Why are so few Women CEO's in the Workplace? By: Eleanor Schroeder

Sex discrimination is the main cause of Why So Few are CEO’s in the Workplace. Sex discrimination is treating an individual in the workplace differently because of their sexual orientation. The discrimination can vary anywhere from hiring, firing, pay, job classification, and benefits which sadly is constant in our very modern world now. Although it seems like sex discrimination disintegrated over the past years but due to other countries still not allowing women to attend school or work on an equal level as men, the issue still exists. It has existed for many years starting with women not being allowed to vote or attend college at a much later time than men. But not that these rights are given to women, we still have to earn our rights in the workplace because men deny us from these. This is shown in the United States pay gap that was updated this past 2017 spring, “women working full time in the United States typically were paid just 80 percent of what men were paid, a gap of 20 percent” (Miller). This represents the inequality in pay which causes women to reevaluate their desire to want to work in the office since they do not receive as much as the men who are doing their same job. Because of encouragement for women to to quit and not continue on their ladder to success it is shown in the Fortune 500 list that, “only 25 companies in the Fortune 500 are run by women. There were no female CEOs in the Fortune 500 20 years ago; since, women have made modest progress in obtaining CEO roles” (Fairchild). Another reason women tend not to be on this list or make it in successful office is because of the comments and questions they receive in the office which men do not receive. Medhat states that, “When running for political office women often face discriminatory questioning that detracts from their political viewpoints. The media focus on questions about mothering and their wardrobe at a much higher rate than they do with men, despite the large number of fathers that hold elected office” (Medhat). When women are given these questions it draws attention away from them and it gives the men who receive the relevant questions the ability to win the crowds acceptance while the women are questioned on their parenting skills.

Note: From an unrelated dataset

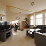De doorgebroken woonkamer ligt aan de voorzijde van de woning en biedt een vrij uitzicht over de Watervlierstraat.

Sex discrimination is also shown in many cases of women being fired for the fact that they have childbearing duties unlike men. For example, in the article Year in Review: The Biggest Stories About Gender Inequality at Work, the author Zhou states a story that is, “When she was pregnant, Peggy Young, a former driver at UPS, requested an adjustment to her workload, per her doctor’s recommendations. The company refused and put her on unpaid leave, citing her inability to lift the 70 pounds required of her in the job description, and she ultimately sued” (Zhou). Men never face the issue of bearing a kid and it is this reason alone that women cannot climb the ladder and are not given promotions, and in this case fired. Sex discrimination comes in all forms and is still around because our history and world progresses slowly but through education and awareness of this matter women can climb the ladder just as easily as men.

Fairchild, Caroline. “Why so Few Women Are CEOs (in 5 Charts).” Fortune.com Fortune, 14 Jan. 2015. Web. 05 Mar. 2017.

Miller, Kevin. “The Simple Truth about the Gender Pay Gap (Spring 2017).” AAUW:

Empowering Women Since 1881. Economic Justice, n.d. Web. 20 Mar. 2017.

Medhat. "Was Your Visit to NoBullying.com Helpful?" NoBullying – Bullying & CyberBullying

Resources. N.p., 06 Sept. 2016. Web. 26 Mar. 2017.

Zhou, Li. “Year in Review: The Biggest Stories About Gender Inequality at Work.” The Atlantic. Atlantic Media Company, 31 Dec. 2015. Web. 26 Mar. 2017.